Demasiada gente rota para un mundo pequeño.
Personas
fragmentadas, trozos de seres alegres vagando desolados en un espacio pensado
para ser feliz.
Personas
que caminan, trabajan, sonríen, respiran y fingen normalidad pero que antes de
dormir dejan sus lágrimas en la almohada.
Gente
corriente que es diferente.
Corazones
fragmentados que no volverán a ser.
Esperanzas
violadas que no les permitirán volver a creer.
Sentimientos
teñidos de gris.
Sonrisas
que dejaron de existir en rostros que se olvidaron de vivir.
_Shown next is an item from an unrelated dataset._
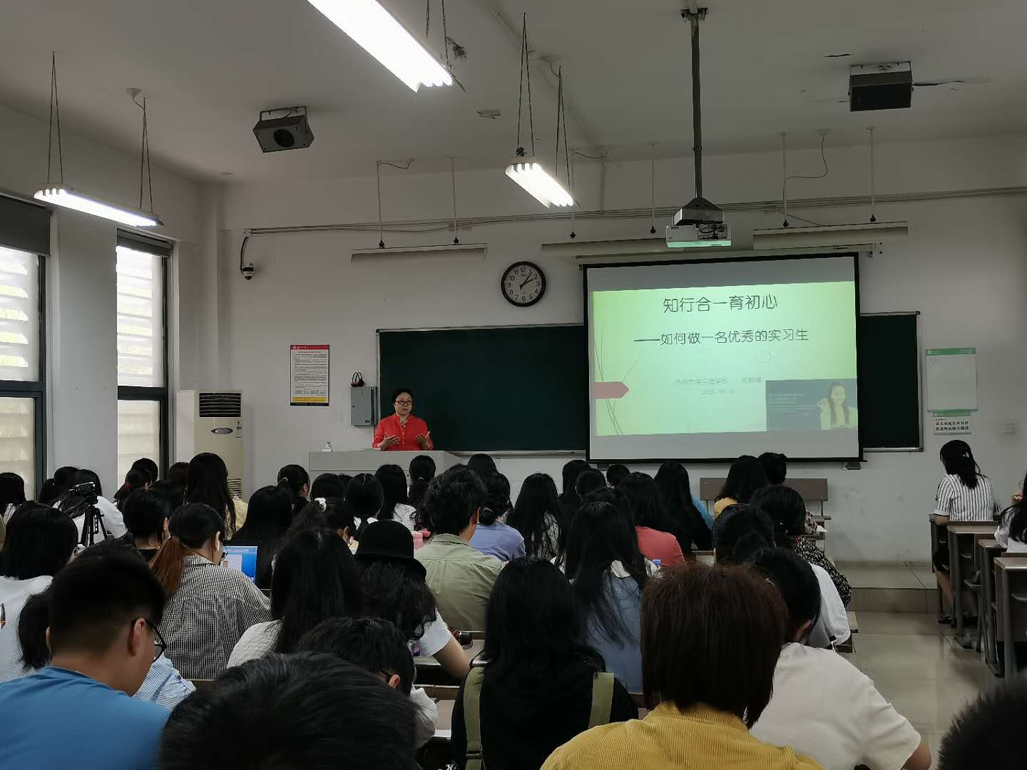 俞老师围绕“如何做一名优秀的实习生”这一主题,讲解了实习生的角色意识、学习目标以及学习任务等内容,并结合自己的任教经历以及相关材料,条理清晰地为同学们展现了一个优秀的实习生的核心要求。同时,俞老师也对即将踏入实习生岗位的同学们寄予殷切的希望:希望同学们在实习生涯里可以融入真实的校园生活,并且做个有追求的小老师。

Demasiada gente rota para un mundo pequeño.
Personas
que fijan durante horas su mirada en la nada.
Canciones
que no se atreverán a volver a escuchar.
Dramas
perpetuos, personalidades frustradas que no volverán a brillar.
Gente
peculiar a la que el dolor coloreó de normal.
Noches
sin fin, oscuridad desde el cerebro hasta el riñón.
Preguntas
sin respuestas, vidas completas de lluvia en el corazón.
Contradicciones
eternas en sombras de fiesta.
Navidad
triste, cumpleaños también.
Demasiada
gente rota para un mundo pequeño.
Almas
perdidas que buscan refugio en un rincón.
Miradas
que se esconden tras gafas de sol,
intentando
ocultar las tinieblas que habitan en su interior.
Palabras
no dichas que se ahogan en la garganta.
Historias
que nunca se contarán, porque duelen demasiado.
Lágrimas
que caen en el silencio de la noche
en un
suspiro que nadie escuchará.
Demasiada
gente rota para un mundo pequeño.
Caminos
truncados, destinos inciertos.
Sueños
que se desvanecen antes de nacer.
Margaritas
que mueren antes de florecer.
Y aun
así, en medio de la oscuridad,
hay
quienes buscan juntar los trozos,
recomponer
lo que la vida quebró,
y
aunque sea difícil, intentarlo una vez más.
Demasiada
gente rota para un mundo pequeño,
pero
quizás, solo quizás,
si nos
unimos en nuestra fragilidad,
podamos
construir algo nuevo:
Un
mundo donde quepan todos los pedazos,
Un
lugar donde lo roto también tenga valor.